Research conducted by Rochester Institute of Technology scientists was integral to the breakthrough detection of gravitational waves from binary black holes that was announced today by the Laser Interferometer Gravitational-wave Observatory (LIGO) Scientific Collaboration.

The collaboration’s findings confirm the existence of gravitational waves predicted by Albert Einstein’s 1915 general theory of relativity and introduce a revolutionary new way of understanding the universe through gravitational wave astronomy. Six Rochester Institute of Technology researchers are among the authors on the upcoming paper in Physical Review Letters.

The LIGO paper prominently cites 2005 landmark research on binary black hole mergers led by Manuela Campanelli, director of RIT’s Center for Computational Relativity and Gravitation (https://www.rit.edu/news/story.php?id=54596). The signal detected by LIGO matches the numerical model of the waveform confirmed by RIT researchers and predicted in their 2005 breakthrough science, “Accurate Evolutions of Orbiting Black-Hole Binaries without Excision,” originally published in Physical Review Letters, on March 22, 2006. The paper recently appeared in the American Physical Society’s curated collection of seminal papers celebrating 100 years of Einstein’s theory of general relativity.

Based on this milestone work from a decade ago, RIT researchers at the center, Carlos Lousto and James Healy, numerically modeled the merger of a pair of black holes and simulated gravitational waveforms. The actual wave patterns LIGO detected on Sept. 14, 2015, matched the simulations Lousto and Healy had created.

“The direct observation of a binary black hole merger by LIGO is an amazing confirmation of our theoretical calculations,” said Campanelli, professor in RIT’s School of Mathematical Sciences and an American Physical Society Fellow. “This is a historic moment in science.”
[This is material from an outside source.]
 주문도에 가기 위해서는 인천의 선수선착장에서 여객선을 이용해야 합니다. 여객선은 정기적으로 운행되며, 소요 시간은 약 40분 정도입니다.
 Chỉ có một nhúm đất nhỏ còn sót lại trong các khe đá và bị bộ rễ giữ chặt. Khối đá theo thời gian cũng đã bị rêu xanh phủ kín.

The RIT team’s breakthrough, known as the “moving puncture” approach, solved the interrelated equations for strong field gravity that comprise Einstein’s theory of general relativity. Their method radically transformed the landscape of numerical relativity — a specialized field that solves Einstein’s equations with sophisticated mathematics and supercomputers — and opened frontiers in gravitational wave astrophysics, Campanelli said.

RIT scientists used the moving puncture approach to make the first calculations of gravitational radiation from merging black holes with arbitrary masses and spins, and the discovery of large gravitational-radiation recoils from spinning supermassive black-hole mergers. The method also made possible their study of spin dynamics effects, such as spin-flips, precession and hang-up orbits, and extreme mass-ratio binaries.
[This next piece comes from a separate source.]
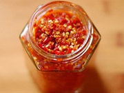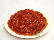 色辣椒醬取之于優等朝天椒。經過淘洗、精揀、破碎熬制而成。因此色澤鮮紅,辣椒醬的紅色來自辣椒的本色。 在烹調過程中具有上色、感官良好的特點,使人有一種強烈的食欲感。香本產品在熬制過程中,添加了二十余種香料。在吃火鍋、拌涼菜、烹飪過程中,加入本產品效果更佳。尤其在調制豆制品時更有于眾不同的效果。還可蘸饅

“It is incredibly exciting to see the deep connections between theory and observation,” said Lousto, a co-author on both the 2006 and LIGO breakthrough papers. “This is the Holy Grail of science. To confirm amazing predictions of general relativity is a dream come true. We have witnessed a historic event, the confirmation of the 100-year-old predictions of Einstein regarding gravitational waves and our 10-year-old computation of the merger of two black holes in a single event.”

Collaborator Pedro Marronetti, program director of the division of gravitational physics at the National Science Foundation, noted that the simplicity and accuracy of their moving-puncture technique “opened up the field to a number of groups, large and small, all across the world.”
RIT associate professor Yosef Zlochower, then a postdoctoral fellow and the fourth member of Campanelli’s team, said, “We are witnessing the dawn of a new understanding of the universe,” he said. “This has been decades in the making, and we are very proud to be part of this great effort.”